Response times are also heavily influenced by the number of concurrent connections to the server.

 

 

 

 

 

Other Factors

When pushing servers to their limits, where they (hopefully) will not be operating in a production environment, it is worth noting that there are other factors which can make a noticeable difference to performance.

For example, in the search test above, three attributes were returned (sn, cn mail).

What happens if we only return one attribute (mail)?

 

 

 

 

Overall, the effect is marginal, but quite measurable.

 

 

 

 

Normal logging operations become noticeable at the limits. For example, the same authentication test as previously performed with the access log turned off:

 

Note that this is for authentications, search and bind operations only, no write activity. The effect would almost certainly be more pronounced if the same (slow) disk was used for both database and logs.

Other factors related to logging which can have a significant impact on performance are the type of logging performed (write to file, vs write to a RDBMS vs write to syslog), the level of logging and the number of logs being maintained.

 

Benchmarks – How To

The most useful benchmarks are based upon production traffic patterns, with the same mix/rate of all types of requests that will be used in practice.

It is not always possible to determine this, but best estimates are much better than measuring individual request types, or some trivial mixture.

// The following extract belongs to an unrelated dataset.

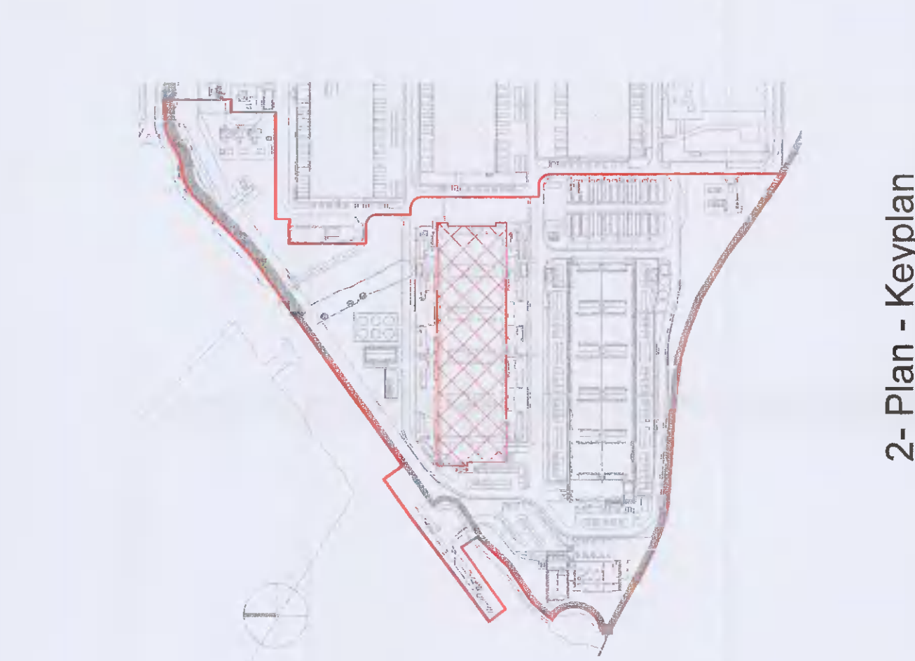
2- Plan - Keyplan Scale 1:5000

If the test is to determine the suitability of some product to replace an existing system, using the same request/rate mix gives a base to compare the existing system to a proposed replacement.

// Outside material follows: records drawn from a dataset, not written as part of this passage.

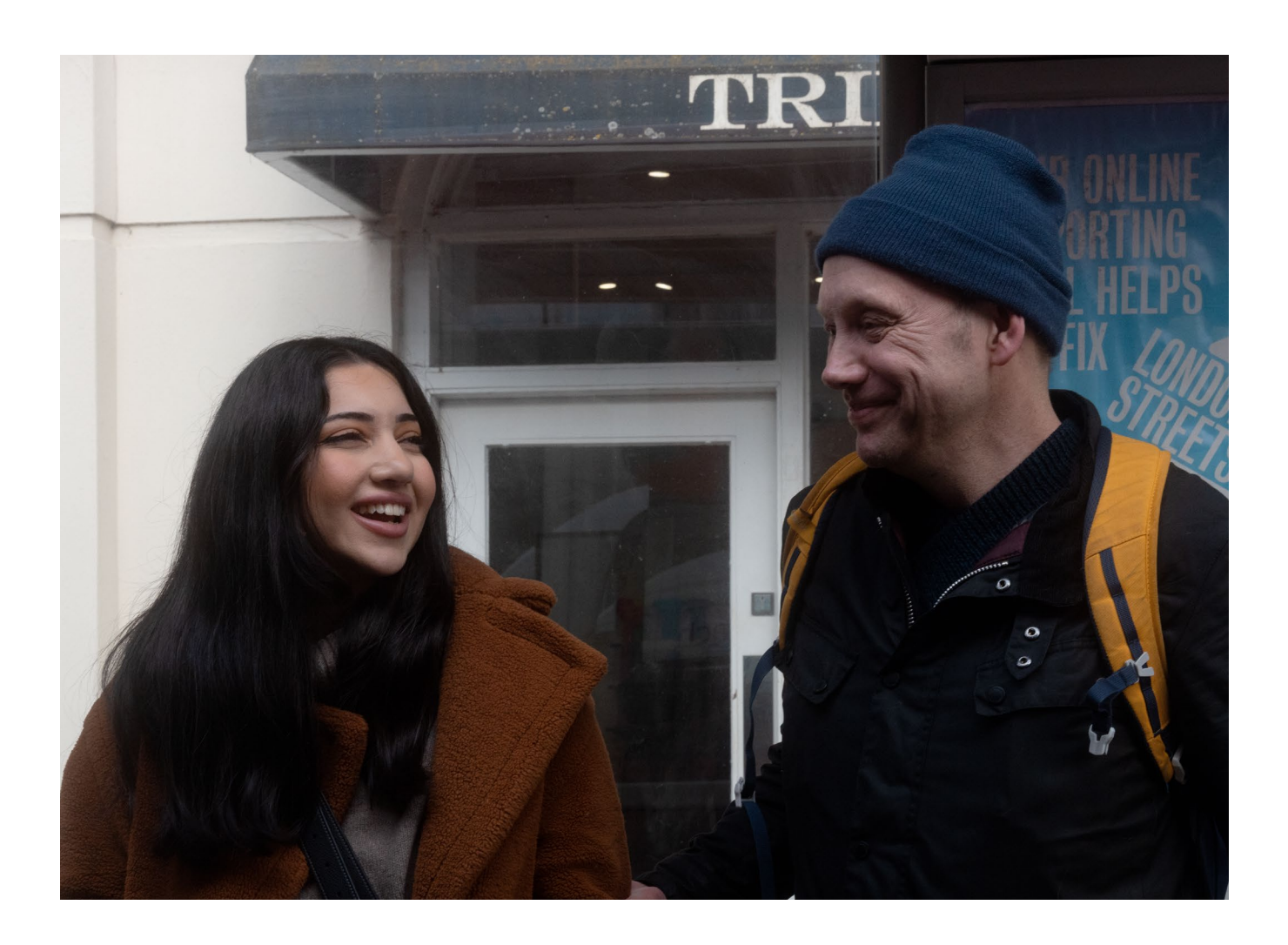
Say hello and introduce yourself – a bit of chat makes it less awkward.
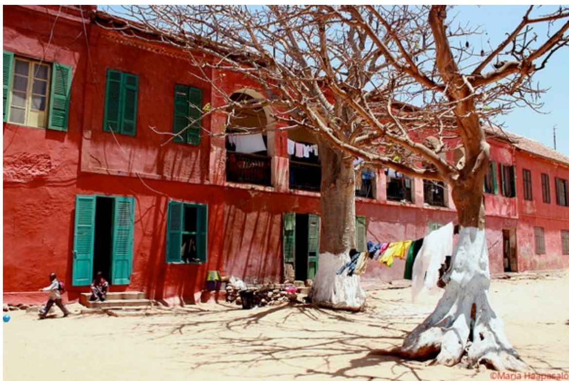
Gorée Island, a site of memory looking towards the future.

UNESCO's culture program aims at protecting, promoting and transmitting heritage, as well as fostering creativity and the diversity of cultural expressions. UNESCO's Cultural Conventions 22 provide the overall framework for action and contribute to harnessing the power of culture for sustainable development and peace in a context of regional integration.
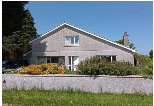
Front View of House
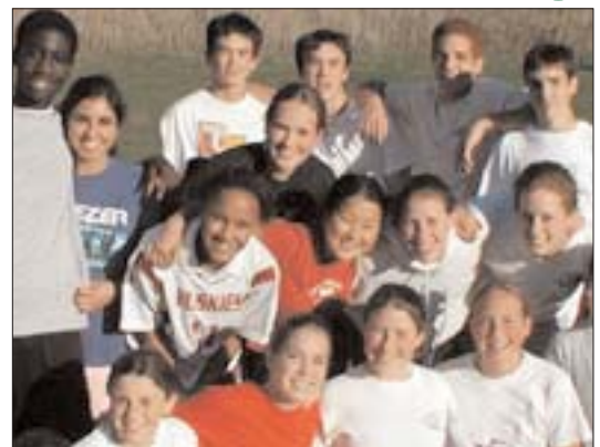
The cheerful team

ISM students and staff have a long-standing tradition of sports rivalry between them. Their competitions have often found their way onto the soccer field or the basketball court. Term one of the AY 2003-04 was no exception.

Once the system is characterized for the expected traffic, rates and number of connections can be increased, but always try to change these independently, determining the best number of connections to achieve the maximum throughput.

Next, determine the expected maximum throughput, which hopefully will be significantly less than the server limit. Some experimentation with numbers of connections will soon determine if there is a maximum that you do not want to exceed, and careful tuning of connection pools can ensure that this is not exceeded in practice.

On load generation

In order to be certain that what is measured is the LDAP server characteristics, and not those of the LDAP client(s) some care needs to be taken in understanding the client. For example, using SLAMD it is tempting to use the “Mixed” client to measure a mix of MOD and SEARCH traffic. This will often produce somewhat disappointing results due not so much to the LDAP server as to limitations in the SLAMD client. Much better results are typically achieved by running two SLAMD jobs in parallel, one performing SEARCH operations and on MOD operations.

When testing a large, load-balanced system, several machines should be used to host clients, and care taken to ensure that CPU and/or network bandwidth is not exceeded, both on the LDAP server, LDAP clients and all intermediate network segments and network devices.

To achieve maximum throughput, LDAP client threads should be restricted to a small multiple of the number of CPUs on the machine on which they run.